State of That Fukka – Midlands Maidens Interviews
First off – we’d like to say that the girl in the lead photo is a million miles better that what turned up today.
During this non-interview (because even Stevie Wonder wouldn’t accept the state of that fukka) it was let slip that one of the girls was already working at VIP Call girls – probably using the name ‘Joanne’ – meaning that some of you lucky customers are in for a great surprise when it turns up looking just like the girl that you didn’t think much of in the bar.
All we can say is that it’s a good job that VIP have a ‘you must pay or we’ll sort you out’ policy so that the girl at least gets £70 for turning up – all but the most severe beer goggles would reject this little combination immediately!
Full report and photo gallery follows – if you can stand it that is!

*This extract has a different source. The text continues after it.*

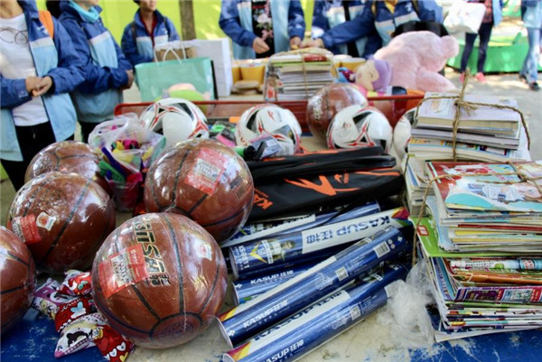 本著“我志愿、我奉獻(xiàn)、我快樂(lè)”的精神,志愿者們還自發(fā)組織捐款捐物,除了采購(gòu)了一批體育用品之外,還帶來(lái)了不少文具、收納盒、玩偶等等.....這些在我們常人看起來(lái)再平常不過(guò)的物件,孩子拿到卻愛不釋手。
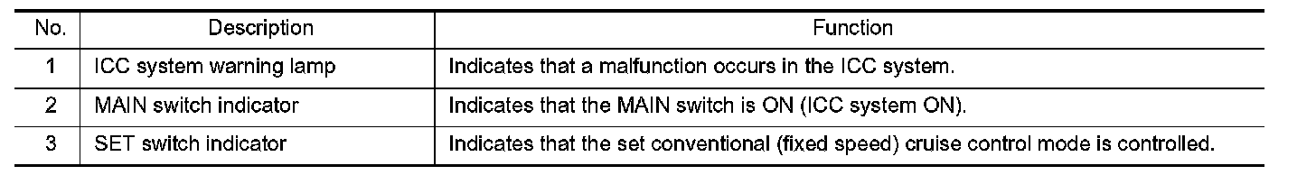 After hold the MAIN switch ON for longer than approximately 1.5 seconds, the ICC system display goes out.

So we had a WhatsApp message, asking for an interview. As is our policy, we asked for a few photos with at least two selfies amongst them and shortly after, we got a run of ten. We had our suspicions straight away about the content – two or three of the selfies were of a dumpy little bugger, one or two of them were okay, and the run of ‘professional photos’ were all from a Bucharest website.
Already having worked out that the accent was Bulgarian, Polish or whatever, we thought we’d invite her down anyway as there was a spare slot available in the afternoon.
Applicant – Amelia
Location – The Stage
Interview time – 3pm
It got to around 3.20 pm and we gave Amelia a call to see where she was. Turns out she was lost near ‘Primark’ so directions were given and Amelia – plus a friend – arrived at around 3.30pm. The excuse for being late was that the taxi driver got lost, but it’s an incredible taxi driver who can drop off two girls in a pedestrian area.
It quickly became apparent why the other girl was there with Amelia – she was her translator as she couldn’t speak a word of English!
No surprise then that even VIP wouldn’t take on the dumpy bugger!
Both girls being as piss poor as each other, and obviously straight from Forest Road Red Light Area, we appeared to show interest but said that we’d call to say what the result of the application was.
We actually find it disgraceful that girls like this are even considered – let alone taken on – in the escort industry, as this shambles gives everyone a bad name that it is hard to recover from.
It’s obvious that VIP don’t really give a shit about reputation or repeat clientele, and we would urge you to think very carefully before you even consider using them.
Anyway enough of the rattle – here are the photos from today.
First off – the dumpy bugger ones:
Now for the ones that aren’t quite as bad as the previous ones:
And finally the ones from the Bucharest escort website:
And there endeth our ‘state of that fukka’ review on our interview.
We apologise profusely for not taking it/them on, but we consider that our clients would need a stronger pair of beer goggles to get over the experience!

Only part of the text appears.